┏━━

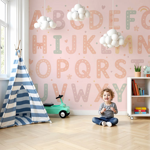 KidsWallLägg till en pedagogisk och charmig touch i ditt barns rum med vår pastellalfabet tapet. Denna delikata design har färgglada bokstäver omgivna av b...
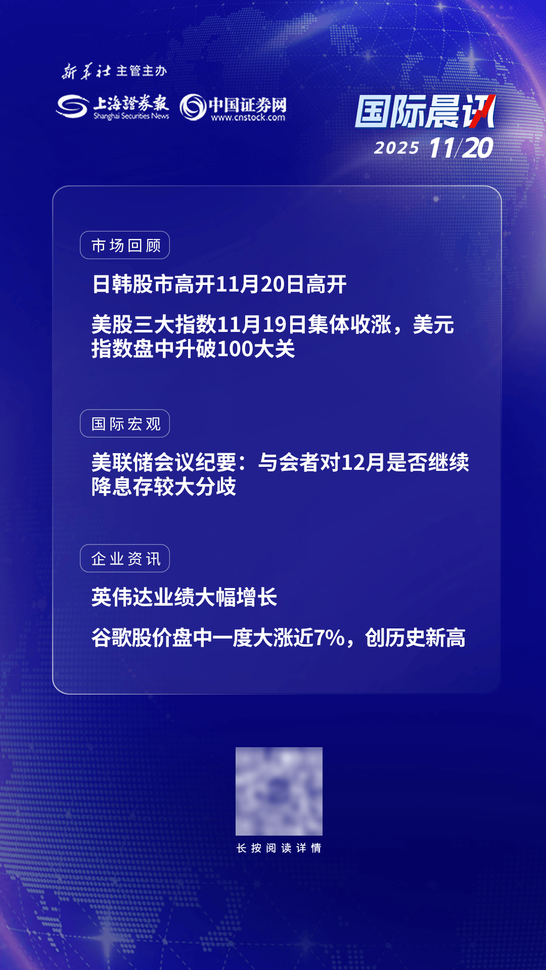 新 3 社 主管主办 上海診券系 (2)中国证券网 2025 11/20 市场回顾 日韩股市高开11月20日高开 美股三大指数11月19日集体收涨,美元 指数盘中升破100大关 国际宏观 美联储会议纪要:与会者对12月是否继续 降息存较大分歧 企业资讯 英伟达业绩大幅增长 【市场回顾】 北京时间11月20日,日韩股市高开。日经225指数开盘上涨591.59点,涨幅为1.22%,报49129.29点;韩国KOSPI指数开盘上涨101.46点,涨幅为2.58%,报 4030.97点。 当地时间11月19日,美股三大指数集体收涨。截至收盘,道琼斯指数涨0.10%,报46138.77点;纳斯达克指数涨0.59%,报22564.23点;标普500指数涨 0.38%,报6642.16点。 欧洲三大股指11月19日全线收跌。英国伦敦股市《金融时报》100种股票平均价格指数19日报收于9507.41点,较前一交易日下跌44.89点,跌幅为0.47%。 法国巴黎股市CAC40指数报收于7953.77点,较前一交易日下跌14.16点,跌幅为0.18%。德国法兰克福股市DAX指数报收于23162.92点,较前一交易日下 跌17.6 ...
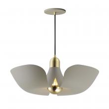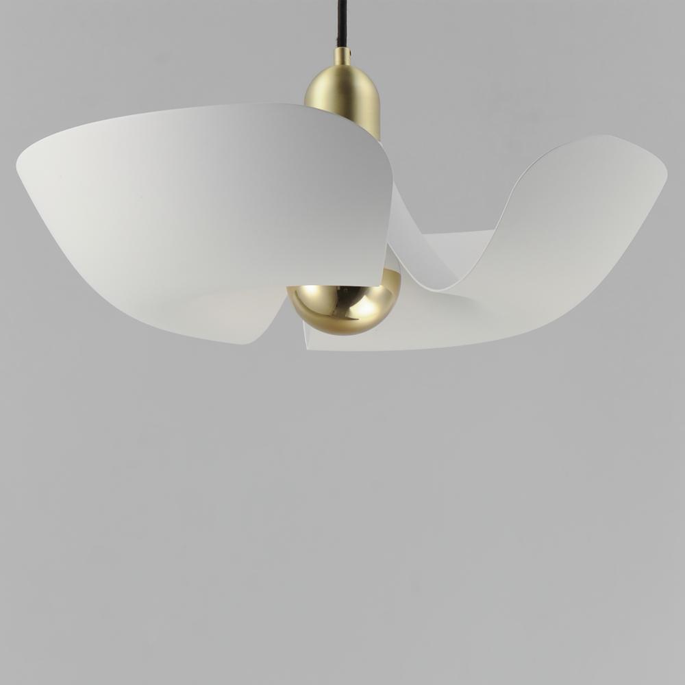 Incurved metal petals of Storm Grey or White finish with Satin Brass caps make oversized biophilic light fixtures. Available as wall sconces or pendants, the various configurations provide playful forms both nostalgic or youthful. Pair with a white G25 lam
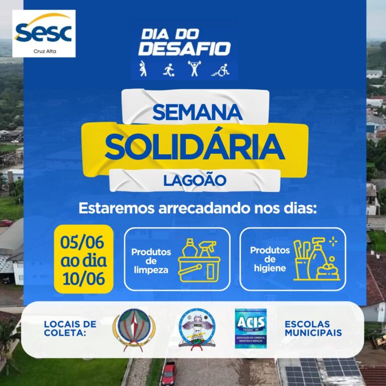 A Secretaria Municipal de Educação, Cultura e Desportos de Lagoão, em parceria com o SESC Cruz Alta, ACIS e Escolas Municipais, vai promover o Dia do Desafio e a Semana Solidária de Lagoão. Este ano o Dia do Desafio inova no seu formato. Ao invés de atividade física será feita arrecadação de produtos de limpeza e higiene pessoal para, a posterior distribuição aos atingidos pelas enchentes do mês passado.
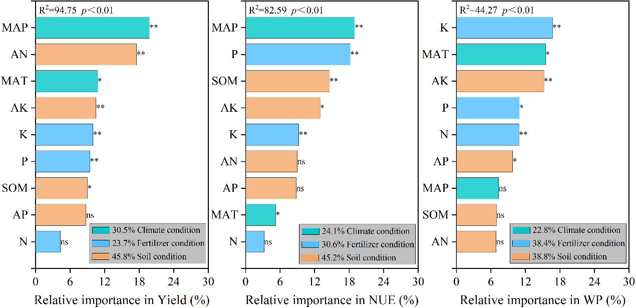 研究发现,与常规条播相比,宽幅播种使小麦产量提升9.9%、氮素利用效率(NUE)提升9.3%、氮素吸收效率提升(NUpE)10.2%、水分生产力(WP)提升4.8%。土壤条件对宽幅播种下的小麦产量、氮素利用效率和水分生产率影响最大,尤其是适宜的土壤有机质含量和速效钾含量。肥料和气候因素也会影响宽幅播种小麦的综合生产能力。随机森林回归模型显示,小麦生产中应更加重视钾肥和磷肥的施用,以更大程度实现宽幅播种的增产效应。此外,在年平均降水量较高(>600毫米)、年平均气温适中(10-13℃)的条件下,宽幅播种更易实现产量、氮素利用效率和水分生产力的协同提升。综上,宽幅播种可显著提高小麦综合生产能力,研究为小麦大面积单产提升行动中持续推广宽幅播种技术提供了新的参考和借鉴。
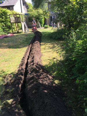 De overkapping staat zo’n 30 meter achter het huis en dat was eigenlijk de grootste uitdaging. Hoe leg je daar een kabel heen die ook volgens de norm op 60 cm diepte ligt.. Gelukkig verhuren ze bij Jansen Verhuur in Bergijk een kettinggraafmachine waarmee je heel gemakkelijk een mantelbuis met meerdere kabels op de vereiste diepte legt.
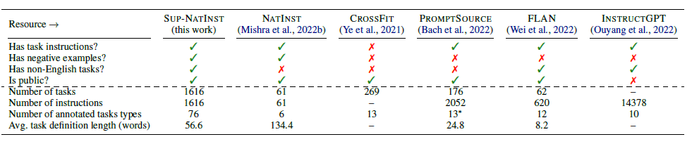 Tk-Instruct最大的贡献在于开源了更大规模的指令数据集,并且对上述提到的T0(promptSource),Flan,InstructGPT指令集进行了对比总结,如下
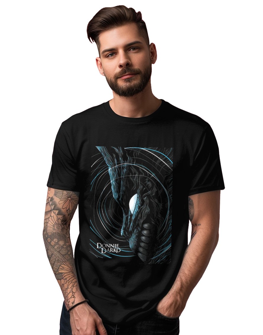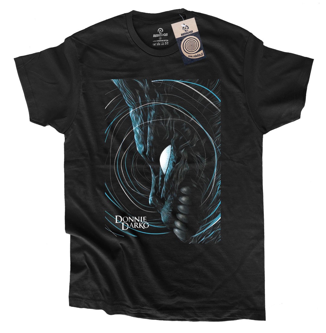 🌀 NAWIĄZANIE DLA ZNAWCÓW: Ten projekt to ukłon w stronę świadomego widza. Rozpoznają go tylko ci, którzy zatopili się w zakamarkach dziwnego świata Donniego Darko. To koszulka-bilet do elitarnego klubu fanów.
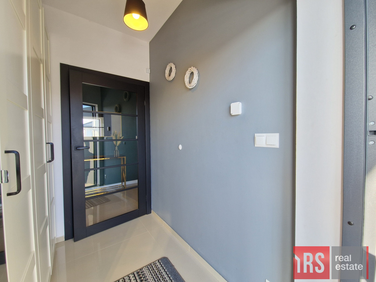 Przestronna, około 40m2 strefa dzienna - salon z aneksem kuchennym i wydzieloną częścią jadalną z wyjściem na taras (ok. 25m2), dodatkowo przy kuchni znajduje się podręczna spiżarnia, 3 sypialnie, łazienka z wanną i z kabiną prysznicową oraz oddzielne wc. Dodatkowa powierzchnia jaką jest poddasze stanowi doskonale miejsce do przechowywania. W bryle budynku garaż dla jednego samochodu, a przed domem wydzielona część do zaparkowania trzech kolejnych pojazdów.
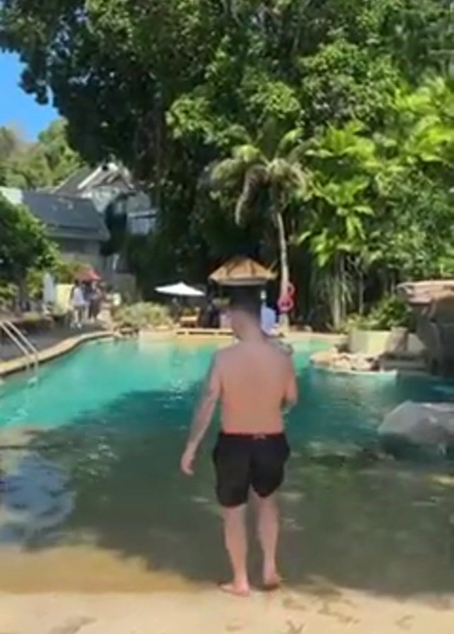 shirtless man in black shorts walking into a swimming pool while holding a toddler dressed in light-colored clothing and a white hat. The pool is surrounded by lush green trees and plants. A few people are visible in the background near the pool deck. The setting appears to be a sunny day at a resort or hotel with a tropical theme. The man seems to be testing the water temperature as he slowly steps into the pool.

┗━━

Every line from the top of the records above to the line with "Incurved metal petals", inclusive, should be duplicated exactly, minus the pictures.

▶ _Exercise response_:
 KidsWallLägg till en pedagogisk och charmig touch i ditt barns rum med vår pastellalfabet tapet. Denna delikata design har färgglada bokstäver omgivna av b...
 新 3 社 主管主办 上海診券系 (2)中国证券网 2025 11/20 市场回顾 日韩股市高开11月20日高开 美股三大指数11月19日集体收涨,美元 指数盘中升破100大关 国际宏观 美联储会议纪要:与会者对12月是否继续 降息存较大分歧 企业资讯 英伟达业绩大幅增长 【市场回顾】 北京时间11月20日,日韩股市高开。日经225指数开盘上涨591.59点,涨幅为1.22%,报49129.29点;韩国KOSPI指数开盘上涨101.46点,涨幅为2.58%,报 4030.97点。 当地时间11月19日,美股三大指数集体收涨。截至收盘,道琼斯指数涨0.10%,报46138.77点;纳斯达克指数涨0.59%,报22564.23点;标普500指数涨 0.38%,报6642.16点。 欧洲三大股指11月19日全线收跌。英国伦敦股市《金融时报》100种股票平均价格指数19日报收于9507.41点,较前一交易日下跌44.89点,跌幅为0.47%。 法国巴黎股市CAC40指数报收于7953.77点,较前一交易日下跌14.16点,跌幅为0.18%。德国法兰克福股市DAX指数报收于23162.92点,较前一交易日下 跌17.6 ...
 Incurved metal petals of Storm Grey or White finish with Satin Brass caps make oversized biophilic light fixtures. Available as wall sconces or pendants, the various configurations provide playful forms both nostalgic or youthful. Pair with a white G25 lam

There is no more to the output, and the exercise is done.